Since game worlds are not real but imaginary, any "discovery" is actually "building". Thus, if the GM has decided/discovered/built something in advance, sharing it is not "building" since it's not "discovery" (the discovery had already been made). Likewise, if the player decides some "unique thing" or background for their character, it's "built" as soon as their decision is accepted into the world model - the timing of which relies on the authority allocation parts of the game rules. In 13th Age this is not 100% clear; do the players have _carte blanche_, or does the GM "vet" every element, and it only becomes "real" in the game world when the GM agrees? For me, it's _carte blanche_, and that's the basis on which I like 13th Age, but the rules text allow it to play either way.

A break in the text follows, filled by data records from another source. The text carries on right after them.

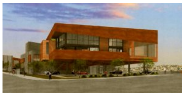
Proposed San Carlos Branch Library

purchase books at our Friday Pre-Monthly Used Book Sales. LIFE Members receive a 10% discount on items purchased at the Library Foundation's Library Shop located in the downtown Central Library. Thank you one and all.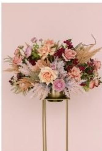
Grand Centerpiece *Stand rented separately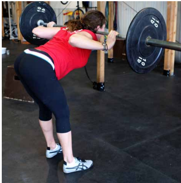
Good mornings are a key part of a beginner's Oly program.

Back squats need to be done with the bar set high on your traps and not low on the back as many powerlifters prefer. You can't lean at all on the back squats if you want the power gained to be utilized in the clean and snatch. On Monday, do 5 sets of 5 and work to max. On Friday, use this formula: 3 sets of 5, then 2 sets of 3. The final set on Friday should be 5 or 10 lb. heavier than your final set of 5 on Monday. The next Monday will find you using the same weight from your last set of 3 on Friday, but you'll do 5 reps with it. In that manner, the numbers will steadily climb upward on your back squat.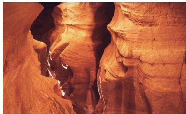
Glowing Slot by Harvey Halpern

The show runs January 15 to February 19, 2010. Gallery Hours: Weekdays 10:00 AM-5:00 PM.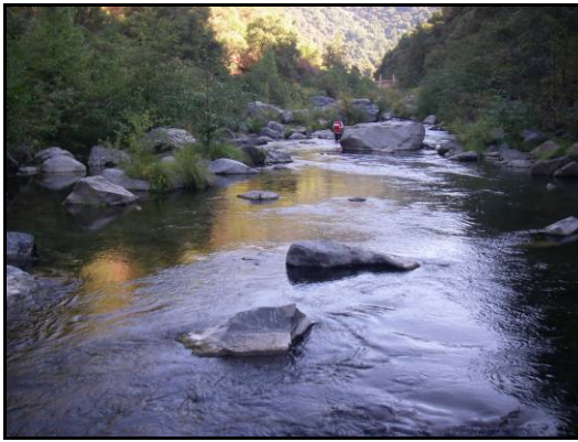
Habitat Mapping Unit 5 – Run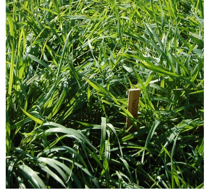
Wheat (Yamhill) 120 days after planting, Lockeford PMC.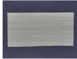
A: Flat Sheet Type

Wall Reinforcement Knitted Polypropylene Hernias, Incisions, Prolapses, Laparoscopy, Laparotomy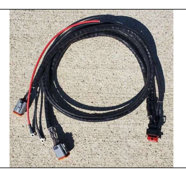
Pro-600 Output cable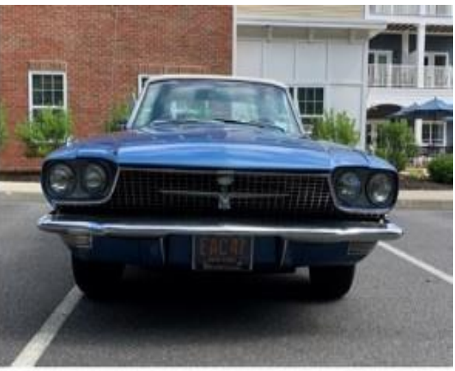
"The elderly don't drive that badly; they're just the only ones with time to do the speed limit". ~Jason Love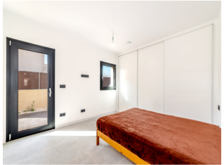
Bedroom with access to the outside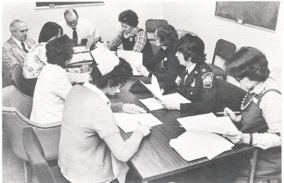
THE EMPLOYEE ACTIVITY COMMITTEE lays plans for future projects.

When the player-defined elements of OUT and background come into contact with the GM's world elements, that is when in-play discoveries that are guided by both GM and player can arise. The role I see Icon relationships playing in this is to constrain the GM to actually include situations where those OUTs and backgrounds are going to come into focus, so that joint discovery about what they mean is possible. That's all. It's not a big deal, in the greater scheme of things, but it means that the player's desires concerning what aspects of the universe they want to prod and poke at to see what comes out have mechanical support (and, perhaps more to the point, mechanical memory prods) that the GM is directed to use.


----------



## Imaro (Aug 8, 2013)

Balesir said:


> If the above scenario happens, the players may, indeed, have discovered something about the world - that there are poison traps, and they kill! But the chances are good, in my experience, that this will not be new knowledge - it will already be known (or, in poor cases, merely assumed) by those playing. Often, they will be somehow implicit or explicit in the text of the rules. As with exploring the real universe, things can usually only be discovered once - at least by any one group of people - because the second and subsequent times they go there we don't call it "exploration" or "discovery".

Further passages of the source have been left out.